Death of the conductor Nikolaus Harnoncourt

Conductor Nikolaus Harnoncourt passed away peacefully surrounded by his family on Saturday. He began his career as an innovator in the art of interpretation with a Monteverdi renaissance at the Zurich Opera House.

Photo: © Werner Kmetitsch

Born in Berlin, the Austrian conductor spent his childhood and youth in Graz. After training at the Vienna Academy of Music, he became a cellist with the Vienna Symphony Orchestra in 1952. A year later, together with his wife Alice, he founded the Concentus Musicus Wien in order to provide a forum for his increasingly intensive work with original instruments and the musical performance practice of Renaissance and Baroque music.

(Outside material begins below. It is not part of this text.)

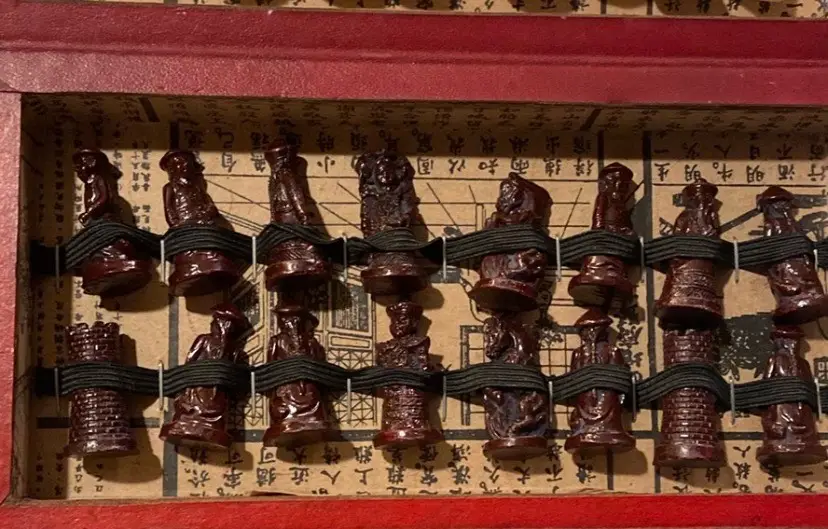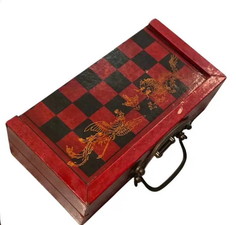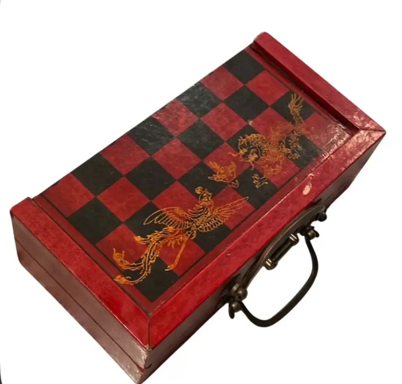 The chess box has wear as seen in pictures with some nicks, scratches, minor dents. When open it measures 8” x 8” and serves as game board! All chess pieces are intact beautifully designed and the shortest pieces are 1.25” tall. The case handle is very beautiful as well! Great collectors piece!

In 1971, he realized a cycle of Monteverdi's music theatre works at the Zurich Opera House with director Jean-Pierre Ponnelle, which became a milestone in historically informed music-making. This was followed by an equally exemplary and pioneering cycle of Mozart operas at the same opera house with Ponnelle as his partner.

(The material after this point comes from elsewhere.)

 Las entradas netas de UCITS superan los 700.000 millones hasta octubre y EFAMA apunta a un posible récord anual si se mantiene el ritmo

However, his work was not limited to baroque and classical music. In 2009, Harnoncourt also realized a Porgy and Bess production, for example, and in 2011 he conducted Smetana's "Bartered Bride" in Graz. In 2013, he also took up the cudgels for Jacques Offenbach. In December 2015, he informed his audience in a handwritten open letter that he would be retiring from the stage with immediate effect.